*Your goal:*
Copy nothing but the line with "1boy, solo, solo" and the lines that follow it to the end of the entries below, and keep the pictures out.

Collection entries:
* * * * * * *

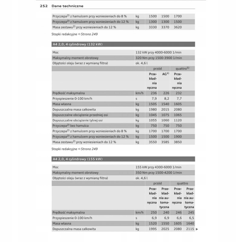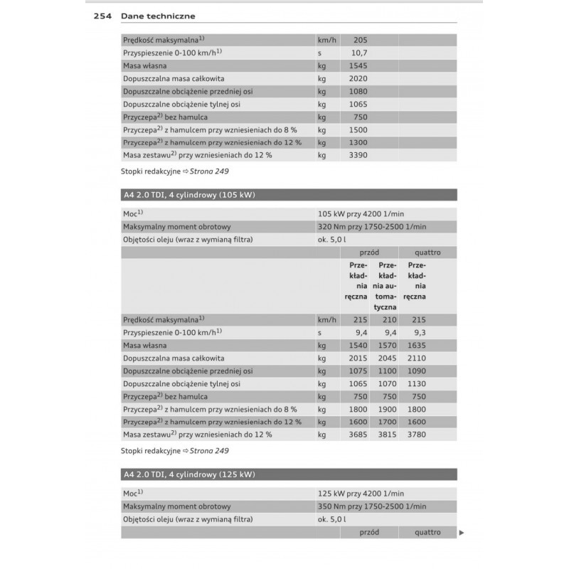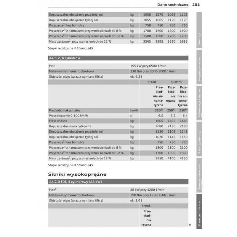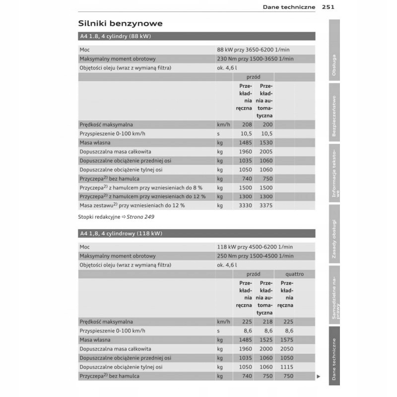 Посібник з експлуатації Audi містить усі версії обладнання та корисну інформацію про те, як ефективно та безпечно використовувати автомобіль, напр. - індикатори, контрольні лампи, відкриття та закриття - освітлення та видимість, сидіння, відділення для речей, опалення, вентиляція, кондиціонування - водіння, поради з експлуатації, технічне обслуговування автомобіля - рівень рідини, перевірка та доливання, аварійні операції, заміна коліс, запобіжники, заміна лампочок - технічні дані... та багато іншого, що дає відчуття безпеки та комфорту мандрівникам. Польське законодавство зобов’язує продавця додавати інструкцію до автомобіля польською мовою. Посібник з експлуатації автомобіля новий і польською мовою.
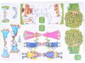 - Действующих персонажей выполненных из плотного картона, созданных для показа настольного театра. Средний размер персонажей, составляет 12 см. (Задача ребенка состоит в том, что нужно вырезать по пунктирным линиям 7 персонажей печку, яблоню, лес, избушку и склеить их);
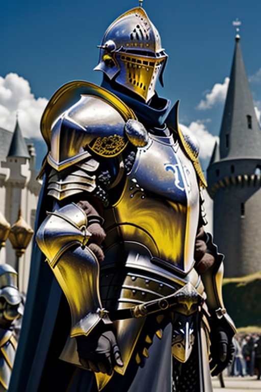 1boy, solo, solo focus, teenage, wear medium armor, yellow armor theme, outdoor, cape, castle in the background, knight, armor, helmet
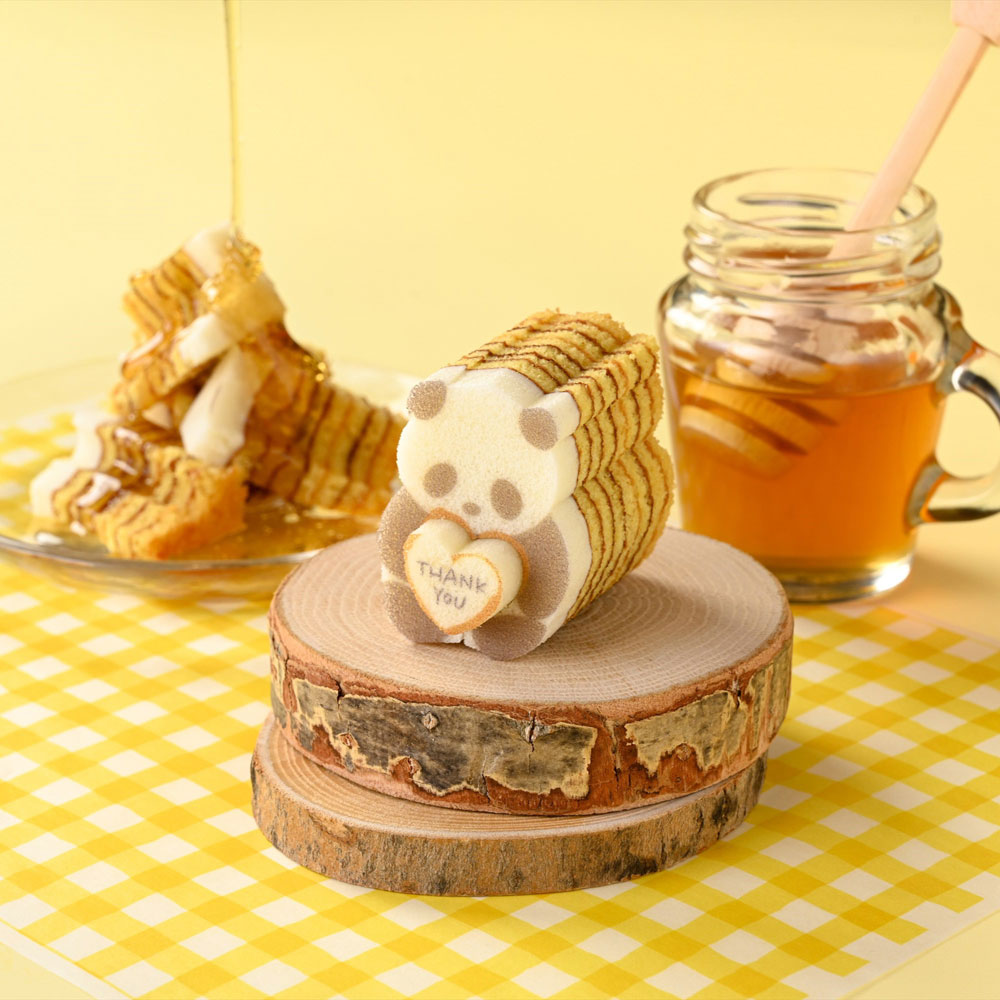 大切な人にそっと手渡したくなる、かわいいパンダバウムができました。想いを込めたハートを抱えた「Thank youパンダ」は、芳醇な香りとやさしい甘みが広がるはちみつ味。リボンのブランコにゆられる「リボンパンダバウム」は、香ばしい風味とナッツのコクが広がるピスタチオ味。定番プレーン味のパンダバウムと一緒に詰合せました。ホワイトデーにぴったりな、ありがとうを伝える贈りものです。
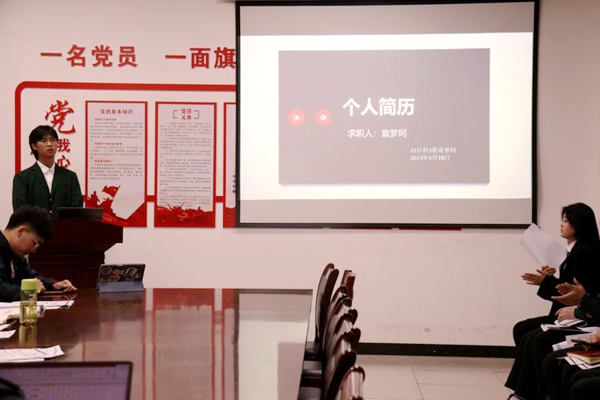 针对21级学生开展““简”自我风采,“历”职场未来”简历制作大赛,本次大赛复赛于5月9日下午4:40在4号楼举行。在经过初赛的层层选拔之后,20名优秀选手最终进入复赛。选手采用PPT演讲的形式向评委介绍自己的作品,点出自己简历的得意之处,为自己的简历加分。参赛选手都充满自信,大胆的向评委及观众们讲述自己的就业意向,简历制作立意新颖,符合当代大学生发展特色。

* * * * * * *

*Completed task:*
 1boy, solo, solo focus, teenage, wear medium armor, yellow armor theme, outdoor, cape, castle in the background, knight, armor, helmet
 大切な人にそっと手渡したくなる、かわいいパンダバウムができました。想いを込めたハートを抱えた「Thank youパンダ」は、芳醇な香りとやさしい甘みが広がるはちみつ味。リボンのブランコにゆられる「リボンパンダバウム」は、香ばしい風味とナッツのコクが広がるピスタチオ味。定番プレーン味のパンダバウムと一緒に詰合せました。ホワイトデーにぴったりな、ありがとうを伝える贈りものです。
 针对21级学生开展““简”自我风采,“历”职场未来”简历制作大赛,本次大赛复赛于5月9日下午4:40在4号楼举行。在经过初赛的层层选拔之后,20名优秀选手最终进入复赛。选手采用PPT演讲的形式向评委介绍自己的作品,点出自己简历的得意之处,为自己的简历加分。参赛选手都充满自信,大胆的向评委及观众们讲述自己的就业意向,简历制作立意新颖,符合当代大学生发展特色。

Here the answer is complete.